--- EXERCISE ---
Leave out the pictures and retype all the entries below exactly.
BEGIN
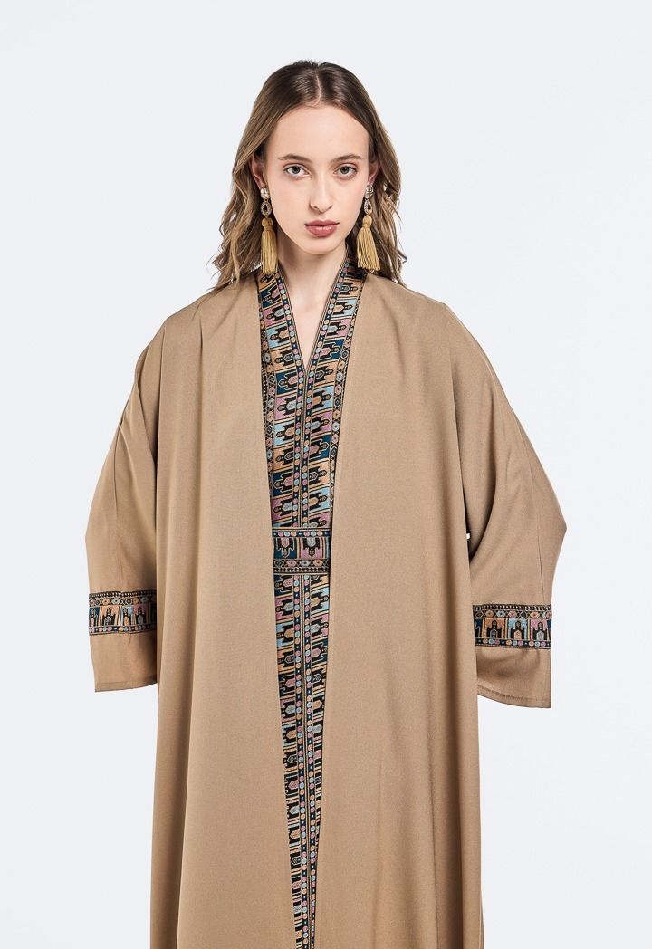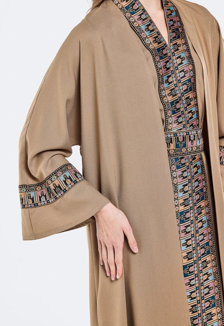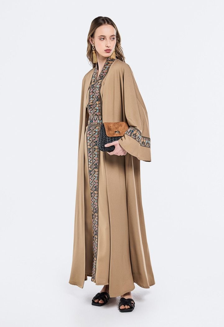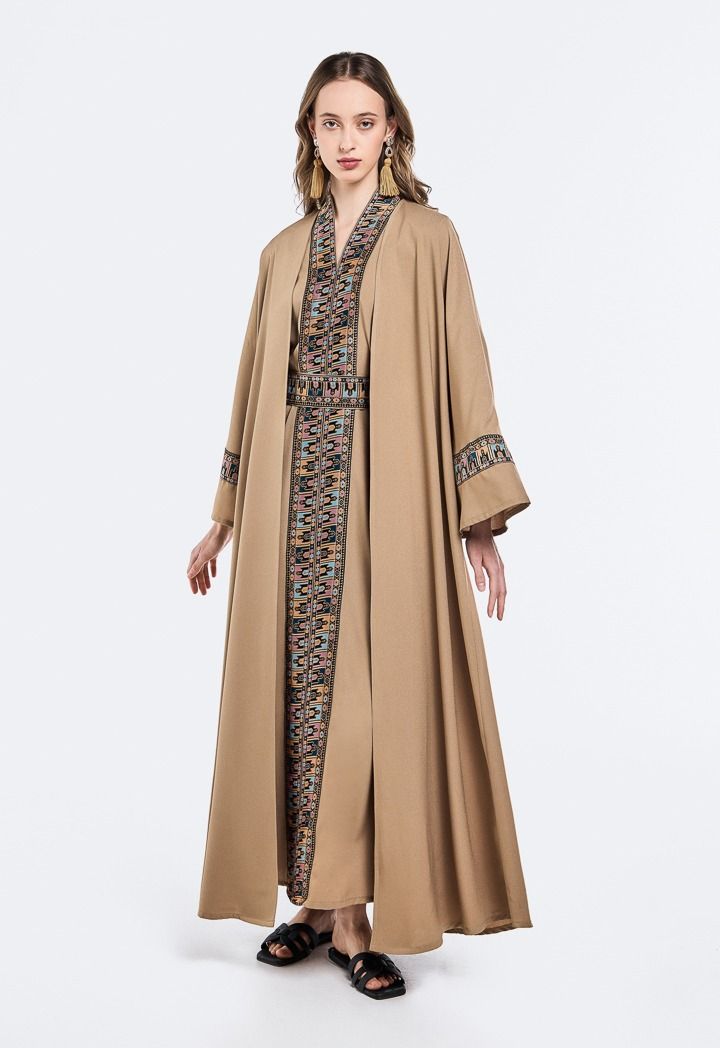 Shine this Ramadan with an embroidered abaya and a sleeveless inner dress, a design that blends elegance and comfort for a standout look during the holy month.
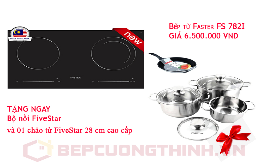 Bếp từ Faster FS 782I có giá niêm yết của hãng là 13.600.000VND, khi bạn mua hàng ở Bếp Cường Thịnh 801Quang Trung – Hà Đông – Hà Nội bạn sẽ được chiết khấu với giá hấp dẫn nhất là 6.500.000 VND và được tặng kèm 01 bộ nồi FiveStar 4 chiếc và 01 chảo từ FiveStar 28 cm tổng giá trị quà tặng lên đến 1.300.000 VND.
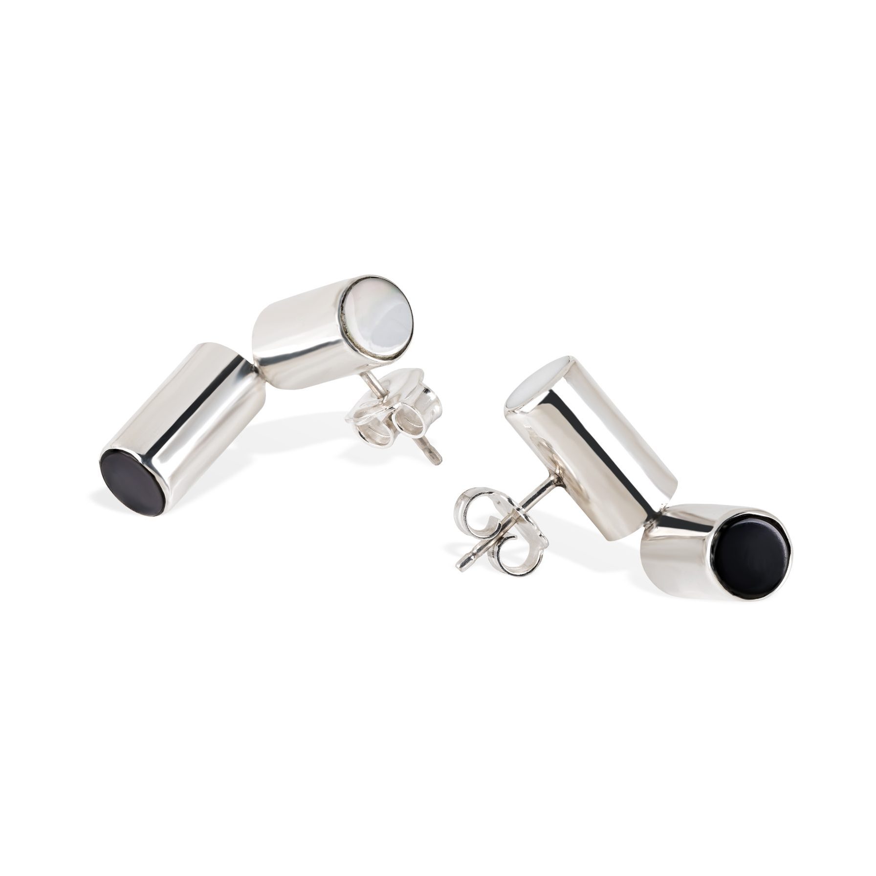 Home Earrings Tube Studs Onyx and Mother-of-pearl
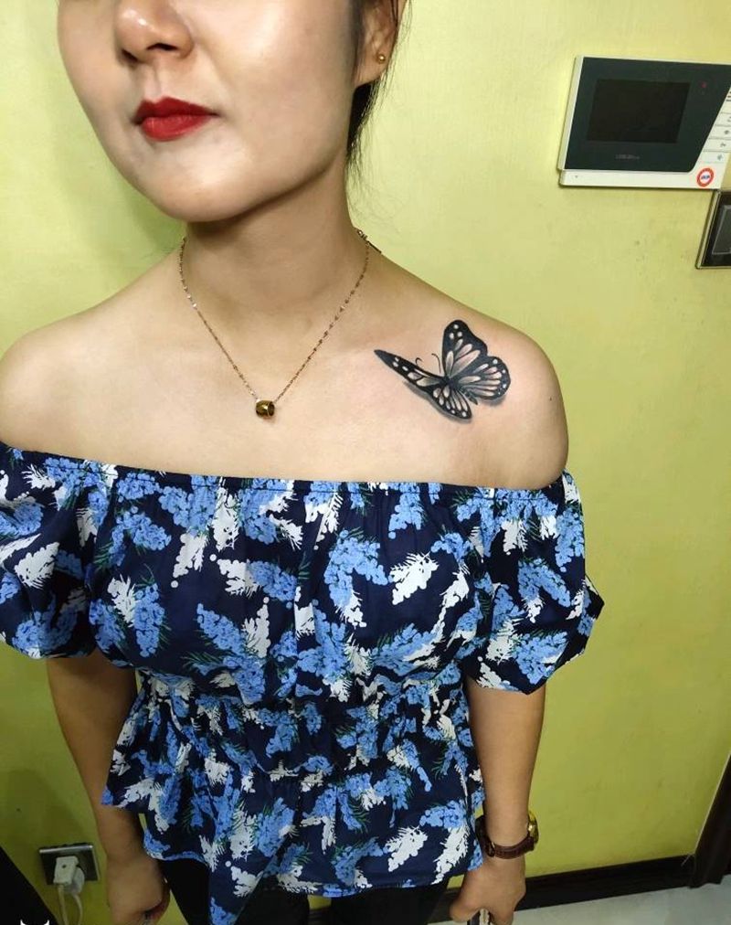 蝴蝶纹身图片_肩部纹身图案
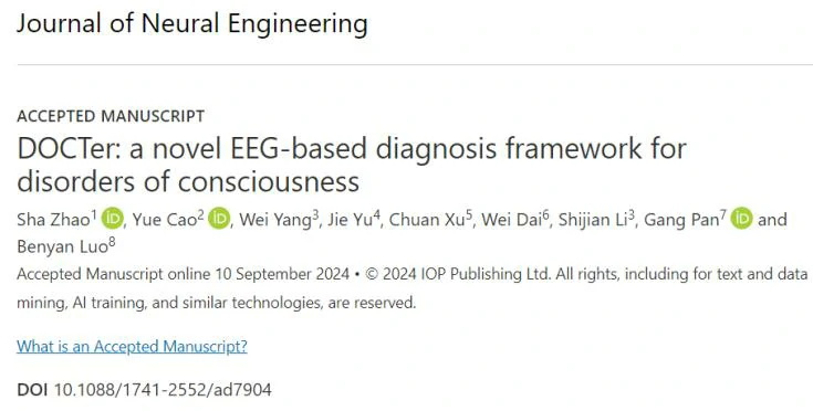 该论文发表于Journal of Neural Engineering,题目为《DOCTer: a novel EEG-based diagnosis framework for disorders of consciousness》。浙江大学的赵莎特聘研究员为此文的第一作者,浙江大学脑机智能全国重点实验室主任潘纲教授、浙江大学附属第一医院的罗本燕主任为此文的通讯作者。
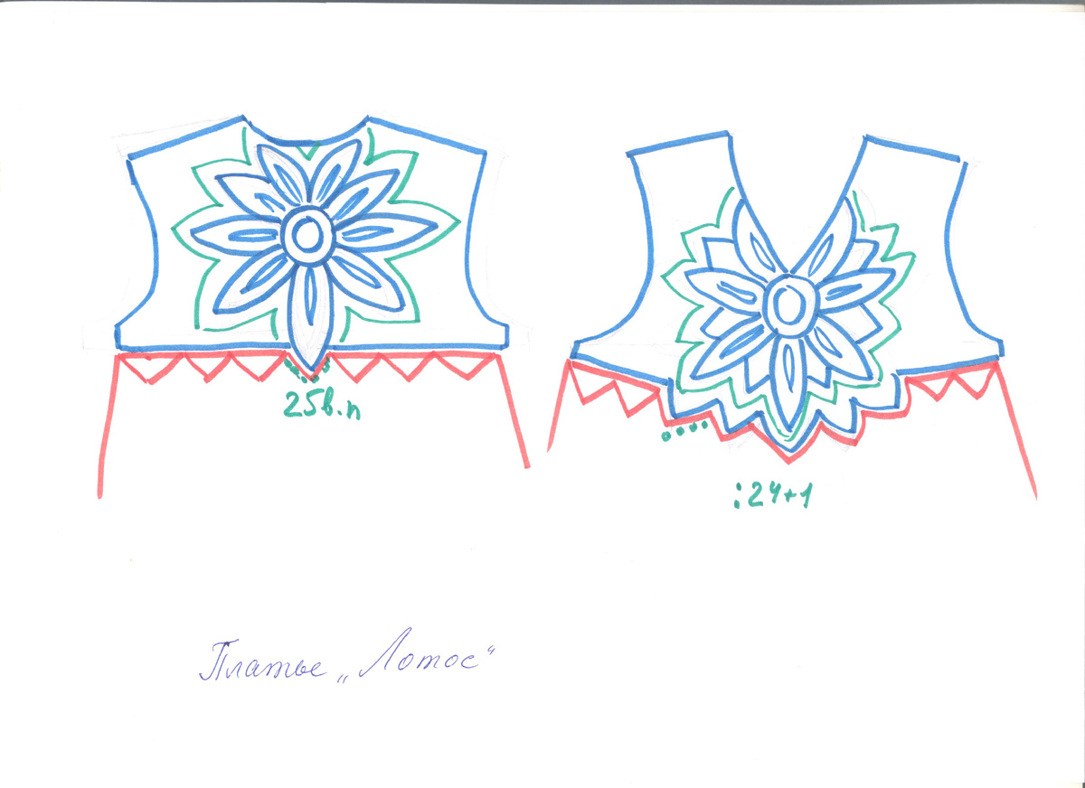 Для вязания платья "Лотос" вам потребуется 650-700 гр. ниток "Нежность", смесь хлопчатобумажных ниток и вискозы. Из них три отделочные: цвет "Б" - 50 гр., цвет "В" и "Г" по 100 гр.
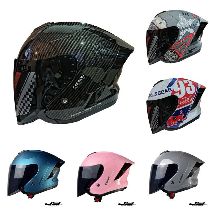 Terlaris No.1 Helm JS Armor Carbon & Sev Leopard Half Face Original SNI + Paket Ganteng Motorcyle
END
--- TASK OUTPUT ---
 Shine this Ramadan with an embroidered abaya and a sleeveless inner dress, a design that blends elegance and comfort for a standout look during the holy month.
 Bếp từ Faster FS 782I có giá niêm yết của hãng là 13.600.000VND, khi bạn mua hàng ở Bếp Cường Thịnh 801Quang Trung – Hà Đông – Hà Nội bạn sẽ được chiết khấu với giá hấp dẫn nhất là 6.500.000 VND và được tặng kèm 01 bộ nồi FiveStar 4 chiếc và 01 chảo từ FiveStar 28 cm tổng giá trị quà tặng lên đến 1.300.000 VND.
 Home Earrings Tube Studs Onyx and Mother-of-pearl
 蝴蝶纹身图片_肩部纹身图案
 该论文发表于Journal of Neural Engineering,题目为《DOCTer: a novel EEG-based diagnosis framework for disorders of consciousness》。浙江大学的赵莎特聘研究员为此文的第一作者,浙江大学脑机智能全国重点实验室主任潘纲教授、浙江大学附属第一医院的罗本燕主任为此文的通讯作者。
 Для вязания платья "Лотос" вам потребуется 650-700 гр. ниток "Нежность", смесь хлопчатобумажных ниток и вискозы. Из них три отделочные: цвет "Б" - 50 гр., цвет "В" и "Г" по 100 гр.
 Terlaris No.1 Helm JS Armor Carbon & Sev Leopard Half Face Original SNI + Paket Ganteng Motorcyle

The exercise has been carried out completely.